Problem to solve: In the listing that follows, find the line with "Gratulacje! Twój pierwszy", then copy exactly from it through the line with "Beim Saisonabschluß der", leaving out every picture.

Raw data:
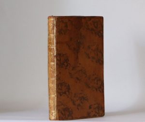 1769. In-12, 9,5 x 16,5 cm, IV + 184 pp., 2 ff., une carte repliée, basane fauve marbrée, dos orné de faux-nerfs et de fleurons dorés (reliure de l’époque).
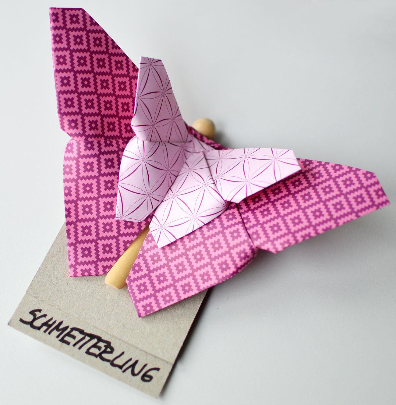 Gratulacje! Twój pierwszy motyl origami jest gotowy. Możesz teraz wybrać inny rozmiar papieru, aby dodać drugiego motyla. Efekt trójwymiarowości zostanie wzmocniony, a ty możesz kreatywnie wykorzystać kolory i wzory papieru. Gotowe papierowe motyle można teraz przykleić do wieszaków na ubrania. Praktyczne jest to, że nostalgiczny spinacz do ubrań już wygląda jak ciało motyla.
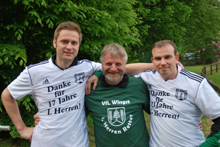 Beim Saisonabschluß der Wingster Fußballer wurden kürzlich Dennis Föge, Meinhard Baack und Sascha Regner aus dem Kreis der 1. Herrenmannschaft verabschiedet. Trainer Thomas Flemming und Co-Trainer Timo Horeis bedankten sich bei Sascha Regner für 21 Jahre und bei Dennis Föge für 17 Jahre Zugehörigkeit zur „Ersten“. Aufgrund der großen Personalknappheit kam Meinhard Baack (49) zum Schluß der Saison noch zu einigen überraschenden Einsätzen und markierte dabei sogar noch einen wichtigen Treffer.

* * *

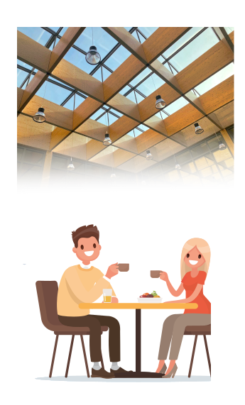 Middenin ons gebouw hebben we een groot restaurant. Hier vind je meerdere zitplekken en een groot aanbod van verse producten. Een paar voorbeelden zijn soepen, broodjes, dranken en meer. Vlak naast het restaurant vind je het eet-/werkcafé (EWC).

Task output:
 Gratulacje! Twój pierwszy motyl origami jest gotowy. Możesz teraz wybrać inny rozmiar papieru, aby dodać drugiego motyla. Efekt trójwymiarowości zostanie wzmocniony, a ty możesz kreatywnie wykorzystać kolory i wzory papieru. Gotowe papierowe motyle można teraz przykleić do wieszaków na ubrania. Praktyczne jest to, że nostalgiczny spinacz do ubrań już wygląda jak ciało motyla.
 Beim Saisonabschluß der Wingster Fußballer wurden kürzlich Dennis Föge, Meinhard Baack und Sascha Regner aus dem Kreis der 1. Herrenmannschaft verabschiedet. Trainer Thomas Flemming und Co-Trainer Timo Horeis bedankten sich bei Sascha Regner für 21 Jahre und bei Dennis Föge für 17 Jahre Zugehörigkeit zur „Ersten“. Aufgrund der großen Personalknappheit kam Meinhard Baack (49) zum Schluß der Saison noch zu einigen überraschenden Einsätzen und markierte dabei sogar noch einen wichtigen Treffer.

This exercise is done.